South Atlanta Students Honored With State Resolutions for Winning National 3DE Case Challenge Championship

A group of South Atlanta High School 10th graders were officially recognized on May 14 for winning first-place honors at the inaugural 2021 3DE Schools National Championship Home Depot Case Challenge Competition.

During a special recognition ceremony, Justin Freeman, Jaliyah Scales, Bishop Seabrook, Jacobe Swanson, and Zakeriah Thomas were each presented with a Georgia House resolution from State Rep. Kim Schofield for their ingenuity and ability to offer STEM-based solutions to a case challenge from Home Depot.

During the ceremony, Rep. Schofield and others praised the students’ ability to work together as a team while providing a unique approach to solving complex problems. As a group, they were challenged with creating solutions to help engage customers with their use of carts while shopping at The Home Depot stores. Some of those solutions included providing a motorized function to move shopping carts at an accelerated pace, as well as using GPS to locate the cart, in addition to store aisles and products.

“These students had an opportunity to effectively collaborate and come up with solutions that some Fortune 500 companies could not come up with on their own,” said Keene Walker, a ninth-grade 3DE and social studies teacher at South Atlanta. “This is especially important to South Atlanta because we’re actually changing the mindset of students and not just giving them traditional book work. This has awakened these students’ genius, and now everyone can see they’re executing their genius.”

The Home Depot partnered with 3DE Schools for the national STEM competition that took place virtually Jan. 22. During the case launch, students were charged with using the STEM Design Thinking Process to assist The Home Depot in creating innovative ideas to bring the in-store experience for Do-It-Yourself (DIY) customers. Students had five weeks to complete their projects.
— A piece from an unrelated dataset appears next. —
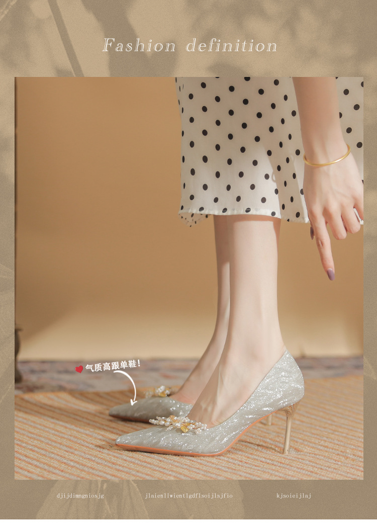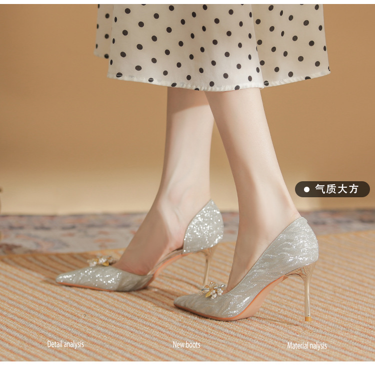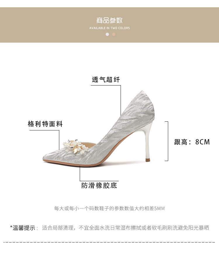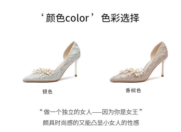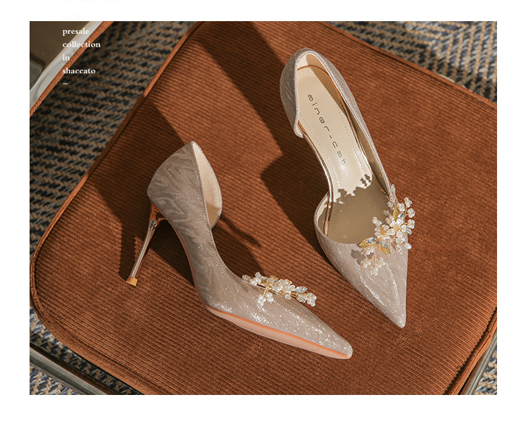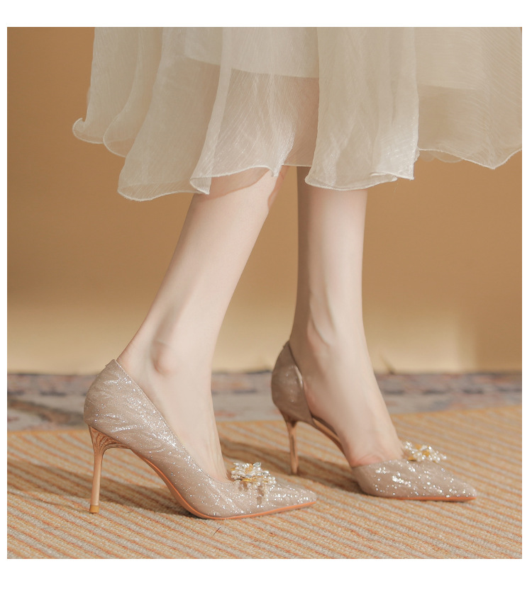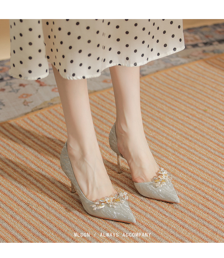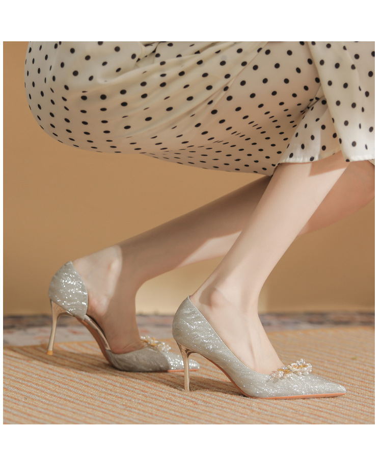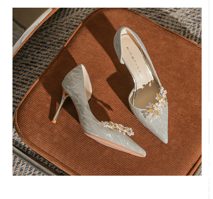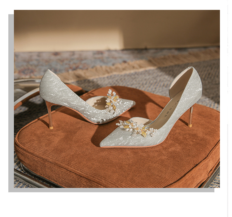 Đôi giày này có phần gót thanhai mảnh và mũi nhọn, tạo dáng thanh thoát. Kiểu dáng phối màu bạc lấp lánh cùng điểm nhấn đá tinh thể trong suốt, mang nét đẹp hiện đại. Thiết kế hở một bên chân giúp đôi chân thêm phần quyến rũ. Sản phẩm thích hợp để mang trong các buổi tiệc hoặc ngày trọng đại. Khi sử dụng, nên chọn size vừa vặn và tập đi lại nhẹ nhàng để làm quen với gót giày. | Tên sản phẩm: Giày Cao Gót Nữ Mũi Nhọn Gót Nhọn Dùng Trong Lễ Cưới - Giày Dép Nữ | Mã sản phẩm: A1351 - Giá: 980.000đ | Mã nhà sản xuất: HUDS-G03Hình ảnh sản phẩm
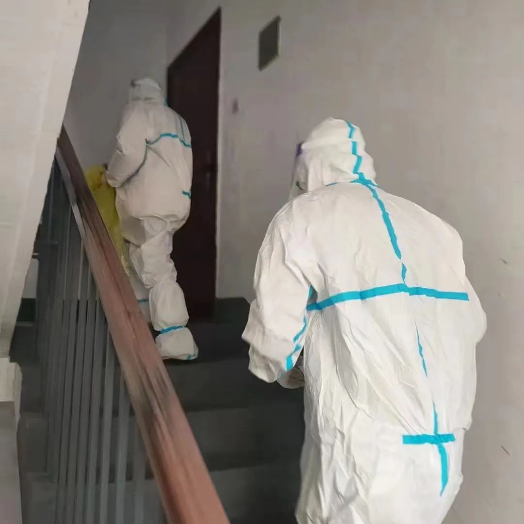 随着大巴车进入邹平市区,到达指定宾馆分配好房间后,还没有喝一口水,就接到疫情指挥部通知,要求紧急集合支援魏桥镇核酸检测工作。杨晓晓医生不顾一天工作的疲惫,再次坐上前往魏桥镇的大巴车。当到达魏桥镇时已是凌晨时分,与当地工作人员简短做完交接工作后,随即投入抗疫的战斗中。因为是入户测核酸,杨晓晓医生穿着防护服,一口气爬到六楼的时候,面罩上总是会起雾,担心看不清楚采样的位置,他会告诉自己慢一些,趴在扶梯上缓一会,争取每次采样标准到位,尽量减少被采集人员的不适感。完成采样工作已是凌晨04:30分。

Specifically, 3DE Schools is an instructional model that re-engineers high school education to be more relevant, experiential, and authentically connected to the complexities of the real world in order to more fully prepare today’s students for the demands of tomorrow’s economy.

“3DE makes learning relevant, authentic, and experiential for high school students,” said 3DE Partnership Manager Joi Turner.

“The goal is to make learning relevant, authentic, and experiential for our high school students. We combine real world problems that companies have with what they are learning in their subjects at schools,” Turner said. “We do this by exposing our students to local and national companies. 3DE partners with companies and we offer our students the opportunity to interface with the companies to solve problems that they may have had in the past.”

Through project-based learning, 3DE students use the knowledge they learn in the content areas at school to help solve such problems, Turner noted.

“This solves the question that we hear from our students, which is “how is what I am learning in my math class relate to what I may be doing in a job?” These projects/challenges make learning relevant to our students,” she said.

Jaliyah Scales said she’s learned more than she could ever imagine from the program.

“3DE has definitely taught all of us how to pitch and present different ideas and solutions to real problems,” Jaliyah said. “This, along with the constant team work, allows us to learn effective collaboration, and coming up with solutions to these problems has definitely shed light on the concept of critical thinking for us. I am very thankful for 3DE because it’s helped me get past my shy demeanor. I can now take confidence in my abilities, and I have all of my teachers to thank for that.”

Principal Dr. Patricia Ford couldn’t be more proud of her students.

“This has shown our kids that they’re in the running to show their greatness and affords them the opportunity to be exposed to what’s beyond the realm of where they live in their community,” Dr. Ford said. “Preparedness and exposure presents opportunities, and once students are prepared and have the opportunity, they can sell themselves. Being exposed to The Home Depot and other Fortune 500 companies helps to create a roadmap for our kids for success beyond high school.”